To help decision makers estimate the benefits of diesel emission controls, the World Bank has published a new study, Reducing Black Carbon Emissions from Diesel Vehicles: Impacts, Control Strategies, and Cost-Benefit Analysis.

The study, conducted by the International Council for Clean Transportation, summarizes a series of technical and policy options already demonstrated to cut the health and climate risks from diesel emissions. It also introduces a new analytical framework to monetize the benefits of black carbon emissions reduction.

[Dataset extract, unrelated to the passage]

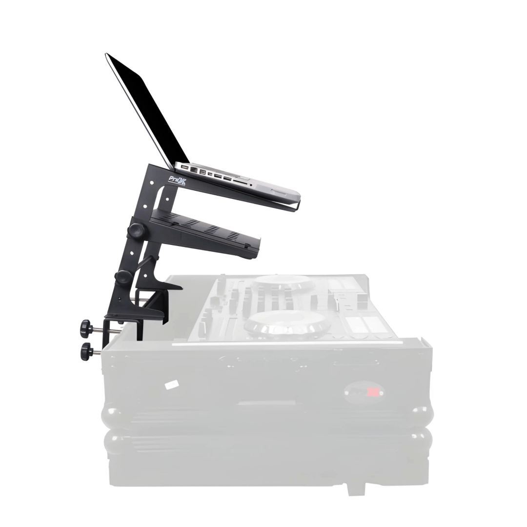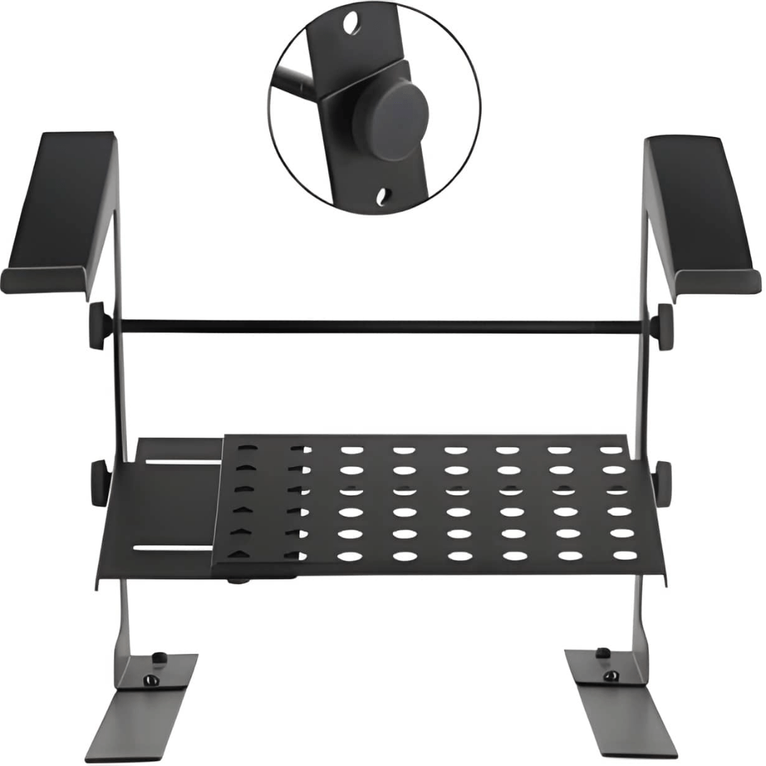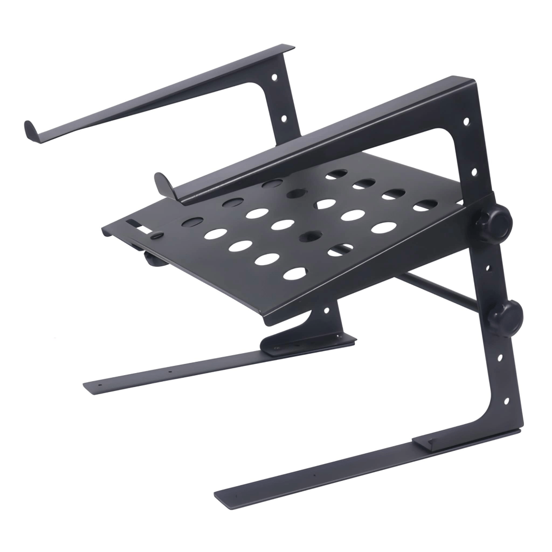 Multi-purpose stand for laptops, small mixers, CD players or DJ equipment 4 possible height settings and 2 pre-set widths Includes desk clamp adaptors for additional stability.

" We are now beginning to have the tools, the metrics, and the information to start expanding the economic analysis to factor climate benefits of black carbon mitigation into the cost-benefit equation "

Sameer Akbar

Senior Environment Specialist, World Bank

Diesel Exhaust

In countries without adequate controls, diesel engines spew a toxic mix of small particles known as particulate matter. These fine particles, which can be inhaled deeply into the lungs, have long been known to harm health. The International Agency for Cancer Research, a UN agency, has labeled them as carcinogenic. The American Heart Association has warned that these particles can result in premature deaths and disability from cardiovascular events, including heart attacks and stroke. The particles are also believed to trigger or exacerbate chronic bronchitis and childhood asthma.

The health case against particulate matter is so solid that several industrialized countries have taken steps to nearly eliminate it. Controlling dangerous diesel exhaust can be accomplished in a number of ways including changing to cleaner fuels, requiring the use of specialized exhaust filters, encouraging better engine design and even buying older vehicles, to send to scrap heaps, or to replace them with cleaner vehicles.

Lately, climate researchers have focused on one of the components in fine particulate matter, the particles of black carbon. A 2013 assessment concluded that after CO2, black carbon is the second most important pollutant in the atmosphere in terms of its global warming impacts in the near-term, and that diesel exhaust is one of the predominant sources that are very rich in black carbon emissions. 

A New Framework

All diesel emission controls produce benefits, but they also have costs. To aid countries in choosing ways to control diesel emissions, the World Bank study introduces a new analytical framework.

The framework broadens existing analytical approaches by estimating values for the social benefits of black carbon mitigation for climate impacts as well as for health impacts. Determining the social costs of black carbon is a piece of work in its early days, building on the on-going work  on the social cost of carbon, which is increasingly being used in OECD countries to monetize the impacts of CO2 emissions.  

In the World Bank’s study, the framework was applied to four different project simulations: diesel engine retrofits in Istanbul, Turkey; green freight in Sao Paulo, Brazil; fuel and vehicle standards in Jakarta, Indonesia; and compressed natural gas buses in Cebu, Philippines. In all four cases, health benefits dominated the cost-benefit calculus and, in two simulations, the benefits of the control measures were enhanced by the climate benefits.

The framework is an early effort toward a more comprehensive assessment of the ways sustainable development can contribute to multiple benefits, including toward climate mitigation. For example, the framework could be broadened by adding other components, such as loss of agriculture production and damage to ecosystems. It is a significant advance because it allows for assessing the health and climate benefits of diesel black carbon emissions reduction initiatives.  

“We are now beginning to have the tools, the metrics, and the information to start expanding the economic analysis to factor climate benefits of black carbon mitigation into the cost-benefit equation,” Akbar said.